When you write out the records, keep every word exact and drop the pictures.

[RECORDED DATA]:
++++++++
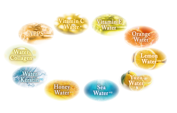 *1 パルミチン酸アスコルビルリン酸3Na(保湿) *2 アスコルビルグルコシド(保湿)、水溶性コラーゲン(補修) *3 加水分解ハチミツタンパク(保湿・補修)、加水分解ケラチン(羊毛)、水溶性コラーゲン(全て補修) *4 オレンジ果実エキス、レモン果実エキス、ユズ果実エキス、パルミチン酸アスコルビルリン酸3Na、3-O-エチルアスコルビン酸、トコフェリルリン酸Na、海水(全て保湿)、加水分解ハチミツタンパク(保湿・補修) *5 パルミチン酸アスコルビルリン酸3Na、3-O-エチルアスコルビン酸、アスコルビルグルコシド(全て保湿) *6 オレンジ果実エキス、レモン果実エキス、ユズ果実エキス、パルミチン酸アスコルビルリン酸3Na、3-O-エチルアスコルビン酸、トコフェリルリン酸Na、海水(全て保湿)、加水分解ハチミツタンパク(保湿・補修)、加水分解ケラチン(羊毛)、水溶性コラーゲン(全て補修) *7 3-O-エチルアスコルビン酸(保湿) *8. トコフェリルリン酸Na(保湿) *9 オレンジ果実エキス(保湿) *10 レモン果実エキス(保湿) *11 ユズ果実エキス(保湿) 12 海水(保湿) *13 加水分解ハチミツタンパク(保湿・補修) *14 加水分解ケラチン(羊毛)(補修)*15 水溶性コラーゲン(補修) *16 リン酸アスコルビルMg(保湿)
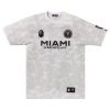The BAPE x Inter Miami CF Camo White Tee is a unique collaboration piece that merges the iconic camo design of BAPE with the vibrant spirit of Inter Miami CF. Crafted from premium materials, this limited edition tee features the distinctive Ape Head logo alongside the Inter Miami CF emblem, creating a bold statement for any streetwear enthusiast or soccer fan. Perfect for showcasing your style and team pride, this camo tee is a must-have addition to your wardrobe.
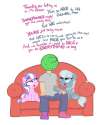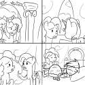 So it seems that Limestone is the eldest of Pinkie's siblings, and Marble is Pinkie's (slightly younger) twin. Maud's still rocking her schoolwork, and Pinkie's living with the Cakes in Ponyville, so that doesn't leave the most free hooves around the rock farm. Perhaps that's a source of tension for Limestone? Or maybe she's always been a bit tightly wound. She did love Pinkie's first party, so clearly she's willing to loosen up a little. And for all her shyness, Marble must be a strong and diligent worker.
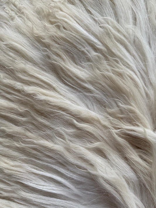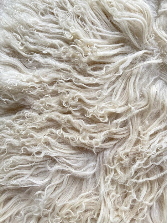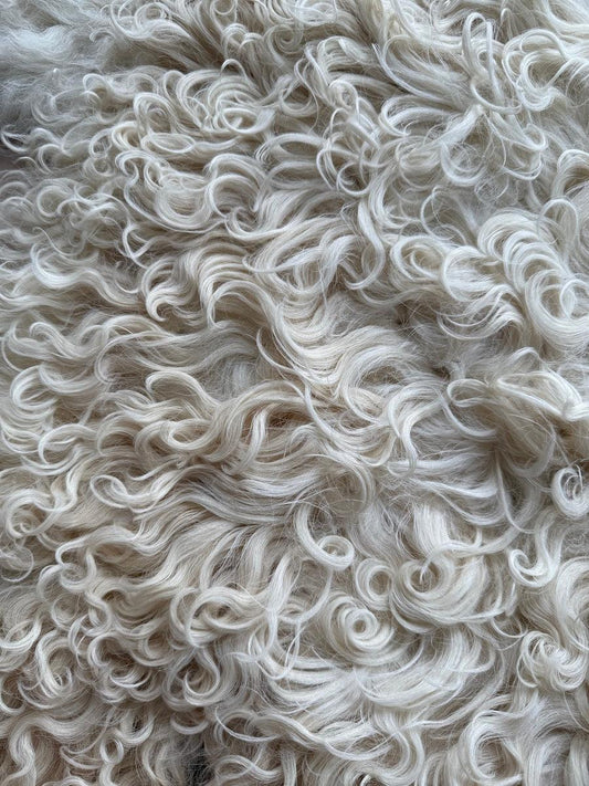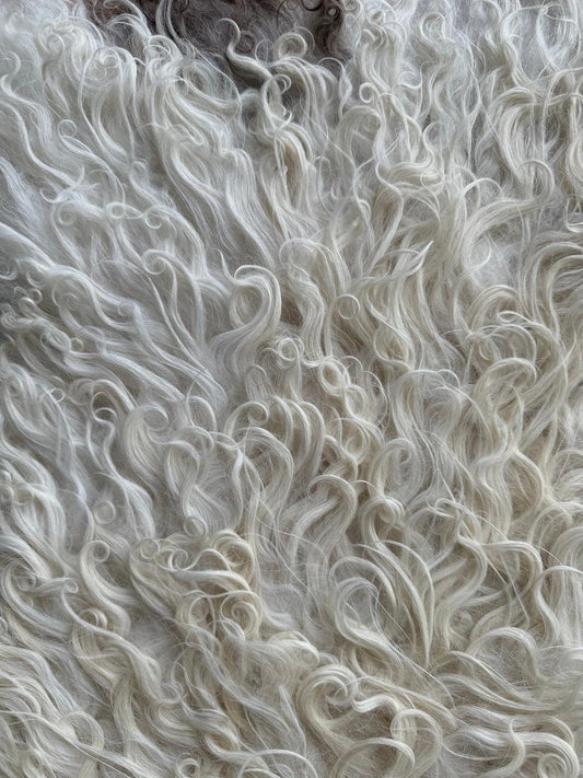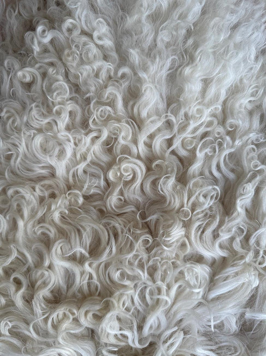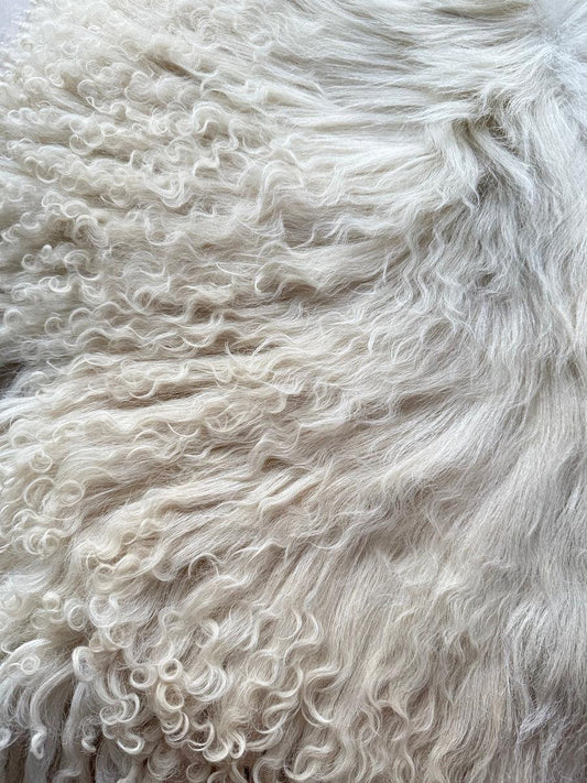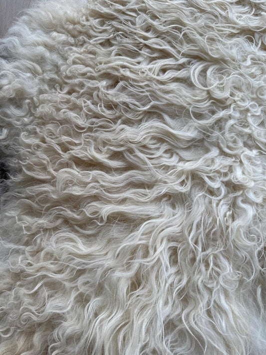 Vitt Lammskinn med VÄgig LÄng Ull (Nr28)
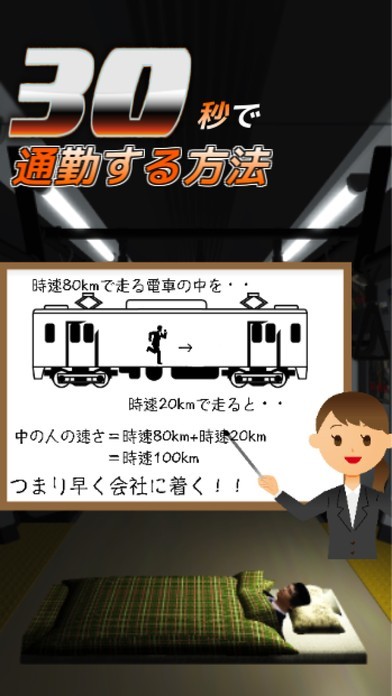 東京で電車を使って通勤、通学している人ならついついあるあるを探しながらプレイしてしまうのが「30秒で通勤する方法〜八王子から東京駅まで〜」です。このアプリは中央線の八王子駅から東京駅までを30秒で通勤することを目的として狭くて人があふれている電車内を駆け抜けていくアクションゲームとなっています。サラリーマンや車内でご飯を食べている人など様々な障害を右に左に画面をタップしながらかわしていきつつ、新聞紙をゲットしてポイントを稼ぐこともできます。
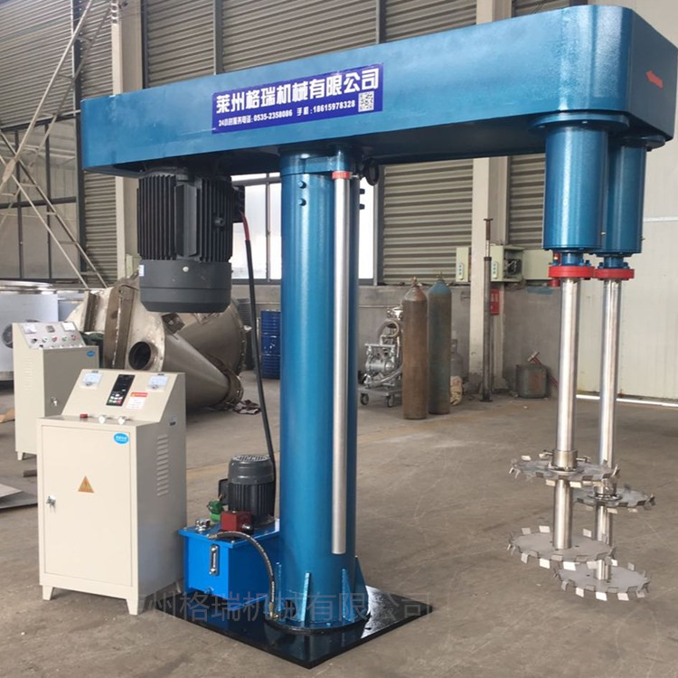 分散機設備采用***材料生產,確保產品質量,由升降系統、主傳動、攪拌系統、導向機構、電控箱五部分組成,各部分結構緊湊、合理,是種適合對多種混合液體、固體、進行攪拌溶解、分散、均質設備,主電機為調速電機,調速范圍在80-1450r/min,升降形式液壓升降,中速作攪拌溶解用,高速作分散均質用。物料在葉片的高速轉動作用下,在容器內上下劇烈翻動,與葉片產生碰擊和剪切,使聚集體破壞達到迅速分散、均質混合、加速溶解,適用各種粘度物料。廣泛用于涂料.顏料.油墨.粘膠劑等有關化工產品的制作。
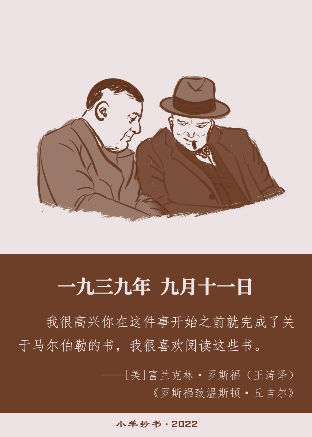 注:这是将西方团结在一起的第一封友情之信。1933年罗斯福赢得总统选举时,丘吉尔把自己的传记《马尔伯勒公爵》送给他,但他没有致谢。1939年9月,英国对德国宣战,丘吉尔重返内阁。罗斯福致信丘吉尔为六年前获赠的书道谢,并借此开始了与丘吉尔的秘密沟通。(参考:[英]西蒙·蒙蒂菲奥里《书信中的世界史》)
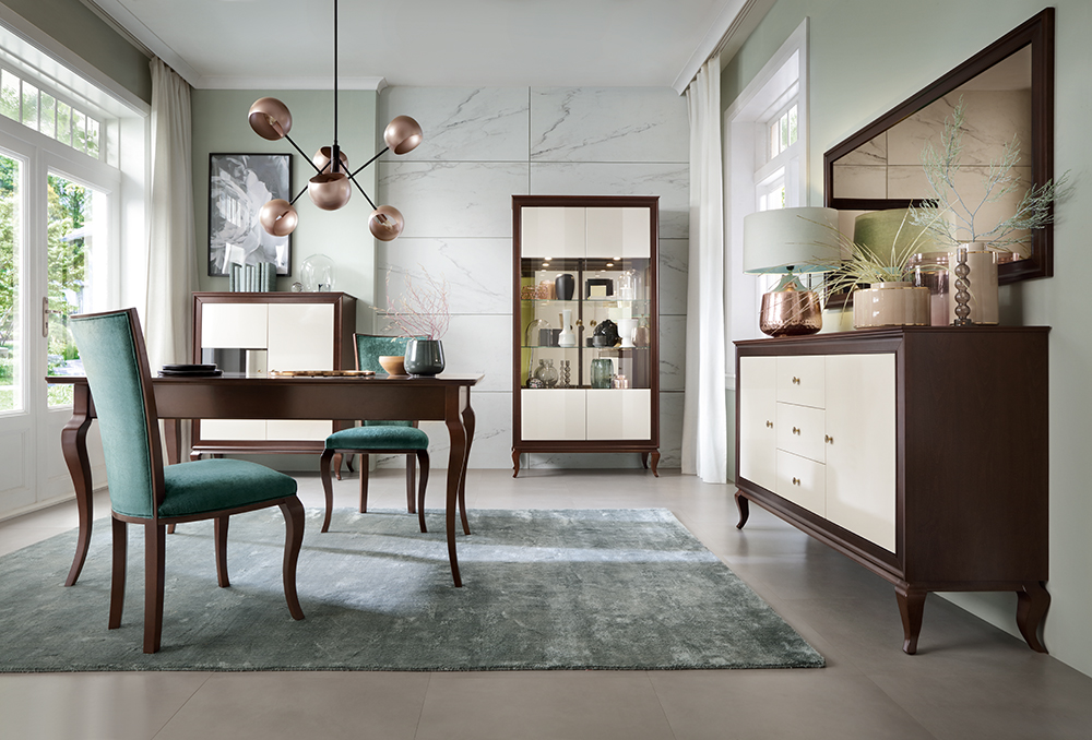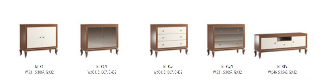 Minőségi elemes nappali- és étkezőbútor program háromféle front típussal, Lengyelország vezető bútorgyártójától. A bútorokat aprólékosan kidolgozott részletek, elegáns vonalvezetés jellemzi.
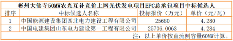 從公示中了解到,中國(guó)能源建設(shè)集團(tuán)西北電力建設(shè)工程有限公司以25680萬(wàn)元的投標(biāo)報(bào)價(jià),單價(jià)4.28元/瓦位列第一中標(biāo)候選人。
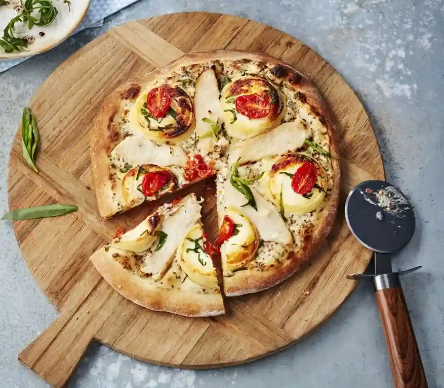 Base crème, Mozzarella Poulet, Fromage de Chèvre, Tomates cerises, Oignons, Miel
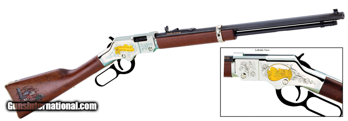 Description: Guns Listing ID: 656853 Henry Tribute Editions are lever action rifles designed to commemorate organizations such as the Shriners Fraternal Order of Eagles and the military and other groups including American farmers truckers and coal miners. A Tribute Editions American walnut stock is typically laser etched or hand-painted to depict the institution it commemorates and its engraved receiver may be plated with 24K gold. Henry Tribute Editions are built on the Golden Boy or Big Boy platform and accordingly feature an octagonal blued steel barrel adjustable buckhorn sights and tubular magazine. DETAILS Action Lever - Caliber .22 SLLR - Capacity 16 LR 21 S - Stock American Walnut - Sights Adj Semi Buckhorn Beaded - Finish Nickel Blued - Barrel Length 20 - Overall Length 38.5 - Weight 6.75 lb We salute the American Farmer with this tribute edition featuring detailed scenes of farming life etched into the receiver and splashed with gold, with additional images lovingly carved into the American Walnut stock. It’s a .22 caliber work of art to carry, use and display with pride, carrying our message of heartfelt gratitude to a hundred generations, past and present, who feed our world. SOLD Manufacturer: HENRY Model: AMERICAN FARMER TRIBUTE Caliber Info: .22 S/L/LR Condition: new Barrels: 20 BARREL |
++++++++
[EXERCISE RESULT]:
 *1 パルミチン酸アスコルビルリン酸3Na(保湿) *2 アスコルビルグルコシド(保湿)、水溶性コラーゲン(補修) *3 加水分解ハチミツタンパク(保湿・補修)、加水分解ケラチン(羊毛)、水溶性コラーゲン(全て補修) *4 オレンジ果実エキス、レモン果実エキス、ユズ果実エキス、パルミチン酸アスコルビルリン酸3Na、3-O-エチルアスコルビン酸、トコフェリルリン酸Na、海水(全て保湿)、加水分解ハチミツタンパク(保湿・補修) *5 パルミチン酸アスコルビルリン酸3Na、3-O-エチルアスコルビン酸、アスコルビルグルコシド(全て保湿) *6 オレンジ果実エキス、レモン果実エキス、ユズ果実エキス、パルミチン酸アスコルビルリン酸3Na、3-O-エチルアスコルビン酸、トコフェリルリン酸Na、海水(全て保湿)、加水分解ハチミツタンパク(保湿・補修)、加水分解ケラチン(羊毛)、水溶性コラーゲン(全て補修) *7 3-O-エチルアスコルビン酸(保湿) *8. トコフェリルリン酸Na(保湿) *9 オレンジ果実エキス(保湿) *10 レモン果実エキス(保湿) *11 ユズ果実エキス(保湿) 12 海水(保湿) *13 加水分解ハチミツタンパク(保湿・補修) *14 加水分解ケラチン(羊毛)(補修)*15 水溶性コラーゲン(補修) *16 リン酸アスコルビルMg(保湿)
The BAPE x Inter Miami CF Camo White Tee is a unique collaboration piece that merges the iconic camo design of BAPE with the vibrant spirit of Inter Miami CF. Crafted from premium materials, this limited edition tee features the distinctive Ape Head logo alongside the Inter Miami CF emblem, creating a bold statement for any streetwear enthusiast or soccer fan. Perfect for showcasing your style and team pride, this camo tee is a must-have addition to your wardrobe.
 So it seems that Limestone is the eldest of Pinkie's siblings, and Marble is Pinkie's (slightly younger) twin. Maud's still rocking her schoolwork, and Pinkie's living with the Cakes in Ponyville, so that doesn't leave the most free hooves around the rock farm. Perhaps that's a source of tension for Limestone? Or maybe she's always been a bit tightly wound. She did love Pinkie's first party, so clearly she's willing to loosen up a little. And for all her shyness, Marble must be a strong and diligent worker.
 Vitt Lammskinn med VÄgig LÄng Ull (Nr28)
 東京で電車を使って通勤、通学している人ならついついあるあるを探しながらプレイしてしまうのが「30秒で通勤する方法〜八王子から東京駅まで〜」です。このアプリは中央線の八王子駅から東京駅までを30秒で通勤することを目的として狭くて人があふれている電車内を駆け抜けていくアクションゲームとなっています。サラリーマンや車内でご飯を食べている人など様々な障害を右に左に画面をタップしながらかわしていきつつ、新聞紙をゲットしてポイントを稼ぐこともできます。
 分散機設備采用***材料生產,確保產品質量,由升降系統、主傳動、攪拌系統、導向機構、電控箱五部分組成,各部分結構緊湊、合理,是種適合對多種混合液體、固體、進行攪拌溶解、分散、均質設備,主電機為調速電機,調速范圍在80-1450r/min,升降形式液壓升降,中速作攪拌溶解用,高速作分散均質用。物料在葉片的高速轉動作用下,在容器內上下劇烈翻動,與葉片產生碰擊和剪切,使聚集體破壞達到迅速分散、均質混合、加速溶解,適用各種粘度物料。廣泛用于涂料.顏料.油墨.粘膠劑等有關化工產品的制作。
 注:这是将西方团结在一起的第一封友情之信。1933年罗斯福赢得总统选举时,丘吉尔把自己的传记《马尔伯勒公爵》送给他,但他没有致谢。1939年9月,英国对德国宣战,丘吉尔重返内阁。罗斯福致信丘吉尔为六年前获赠的书道谢,并借此开始了与丘吉尔的秘密沟通。(参考:[英]西蒙·蒙蒂菲奥里《书信中的世界史》)
 Minőségi elemes nappali- és étkezőbútor program háromféle front típussal, Lengyelország vezető bútorgyártójától. A bútorokat aprólékosan kidolgozott részletek, elegáns vonalvezetés jellemzi.
 從公示中了解到,中國(guó)能源建設(shè)集團(tuán)西北電力建設(shè)工程有限公司以25680萬(wàn)元的投標(biāo)報(bào)價(jià),單價(jià)4.28元/瓦位列第一中標(biāo)候選人。
 Base crème, Mozzarella Poulet, Fromage de Chèvre, Tomates cerises, Oignons, Miel
 Description: Guns Listing ID: 656853 Henry Tribute Editions are lever action rifles designed to commemorate organizations such as the Shriners Fraternal Order of Eagles and the military and other groups including American farmers truckers and coal miners. A Tribute Editions American walnut stock is typically laser etched or hand-painted to depict the institution it commemorates and its engraved receiver may be plated with 24K gold. Henry Tribute Editions are built on the Golden Boy or Big Boy platform and accordingly feature an octagonal blued steel barrel adjustable buckhorn sights and tubular magazine. DETAILS Action Lever - Caliber .22 SLLR - Capacity 16 LR 21 S - Stock American Walnut - Sights Adj Semi Buckhorn Beaded - Finish Nickel Blued - Barrel Length 20 - Overall Length 38.5 - Weight 6.75 lb We salute the American Farmer with this tribute edition featuring detailed scenes of farming life etched into the receiver and splashed with gold, with additional images lovingly carved into the American Walnut stock. It’s a .22 caliber work of art to carry, use and display with pride, carrying our message of heartfelt gratitude to a hundred generations, past and present, who feed our world. SOLD Manufacturer: HENRY Model: AMERICAN FARMER TRIBUTE Caliber Info: .22 S/L/LR Condition: new Barrels: 20 BARREL |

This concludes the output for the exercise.